My recent exchanges with Chomsky, the eminence grise of anti-Americanism, on this topic were not pleasant, but I realized that being one unknown mortal, my opinions carried little weight. And so I am printing below some direct quotes from Nick Cohen's superb book "What's Left? How the Left Lost Its Way" because he beautifully summarizes the surrender of the left and its relinquishing of the democracy and human rights banners they pretended to wave for so long.
"Why is it that apologies for a militant Islam which stands for everything the liberal-left is against come from the liberal-left?"
"Why will students hear a leftish post-modern theorist defend the exploitation of women in traditional cultures but not a crusty conservative don?"
"After the American and British wars in Bosnia and Kosovo against Slobodan Milosevic's ethnic cleansers, why were men and women of the Left denying the existence of Serb concentration camps?"
"Why did a European Union that daily announces its commitment to the liberal principles of human rights and international law do nothing as crimes against humanity took place just over its borders?"

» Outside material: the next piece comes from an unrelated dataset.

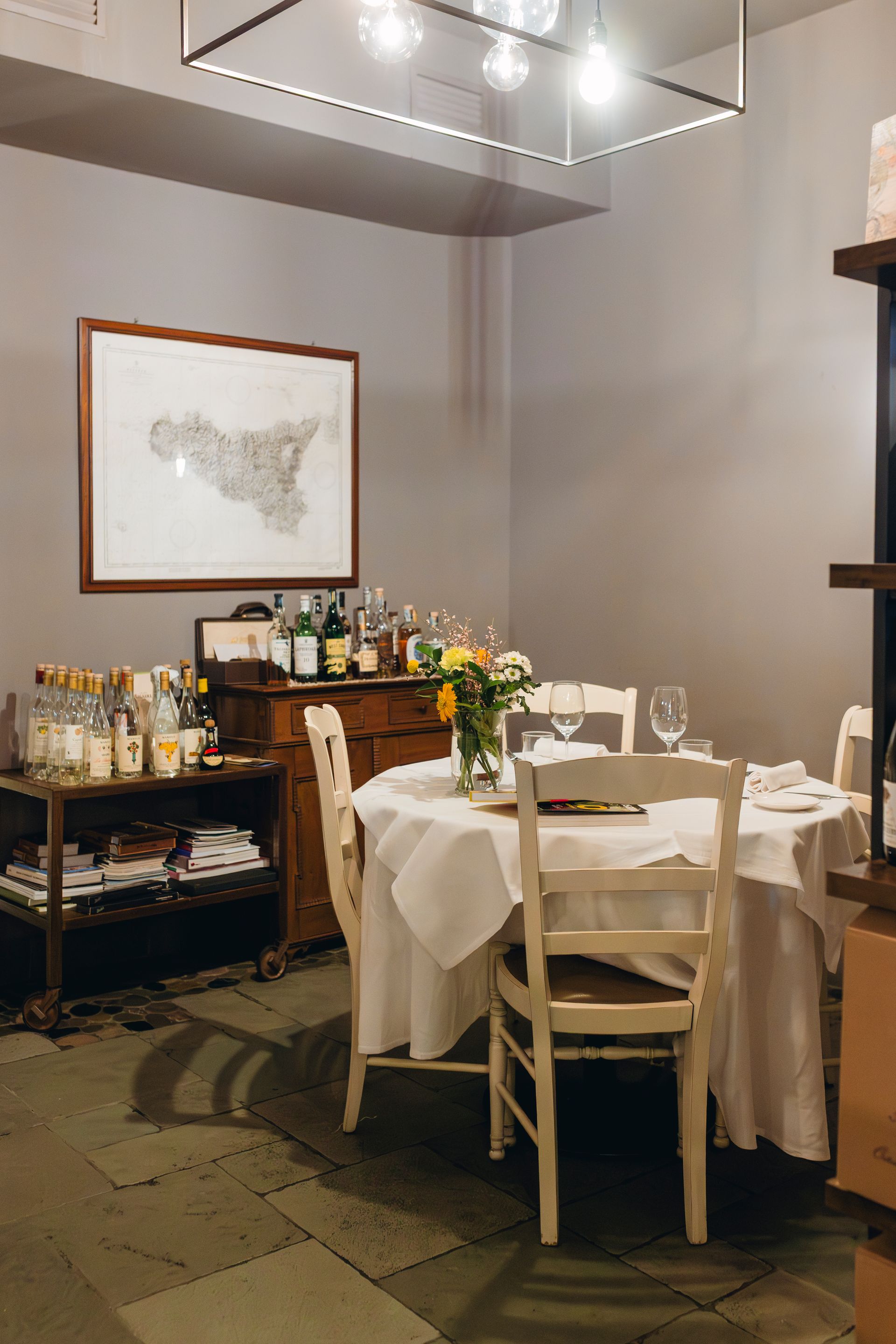 Nel pieno rispetto del carattere della nostra terra di Sicilia abbracciamo uno stile in cucina semplice e naturale, dove si predilige l'amore per la cucina e la passione per il mangiare sano. Tutti i nostri piatti sono costruiti partendo da ingredienti di qualità e di stagione, molti dei quali provengono direttamente dalla Sicilia come i pomodori, i formaggi, le erbe, l'olio e molti dei nostri vini.

"Why is Palestine a cause for the liberal-left but not China, Sudan, Zimbabwe, the Congo or North Korea?"
"After the 9/ll attacks on New York and Washington, why were you as likely to read that a sinister conspiracy of Jews controlled American or British foreign policy in a superior literary journal as in a neo-Nazi hate sheet?"
"And why after the 7/7 attacks on London did leftish rather than right-wing newspapers run pieces excusing suicide bombers who were inspired by a psychopathic theology from the ultra-right?"
"..its (socialism's) failure ..has freed (the left) to go along with any movement however far to the right it may be, as long as it is against the status quo in general and, specifically, America....intellectuals in particular are ready to excuse the movements of the far right as long as they are anti-Western".
"Despite their talk of supporting equality, mainstream liberals found it uncomplicated to make excuses for anti-liberal movements ...they could be all for the emancipation of women in London, Paris and New York whiLE indifferent to the misogynies of the Middle East, Africa, and Asia".
"Democrats, feminists and socialists in the poor world, who are suffering at the hands of the extreme right, turn for support to the home of democracy, feminism and socialism in the West, only to find that the democrats, socialists and feminists of the rich world won't help them or acknowledge their existence".
Cohen then describes the rest of his book: "..a critical history of how the symptoms of the malaise began in obscure groups of Marxists and post-modern theorists; how the sickness manifested itself in the failure to confront genocide in the Middle East and Europe until it grew into the raging fever of our day. It is also an argument for recovering the best of the liberal-left's democratic and internationalist traditions that have been neglected for too long".
Please read this book, as well as Paul Berman's "Flight of the Intellectuals", just released; they shine much needed light on the neo-fascist left and its retreat from the human rights and civil liberties issues.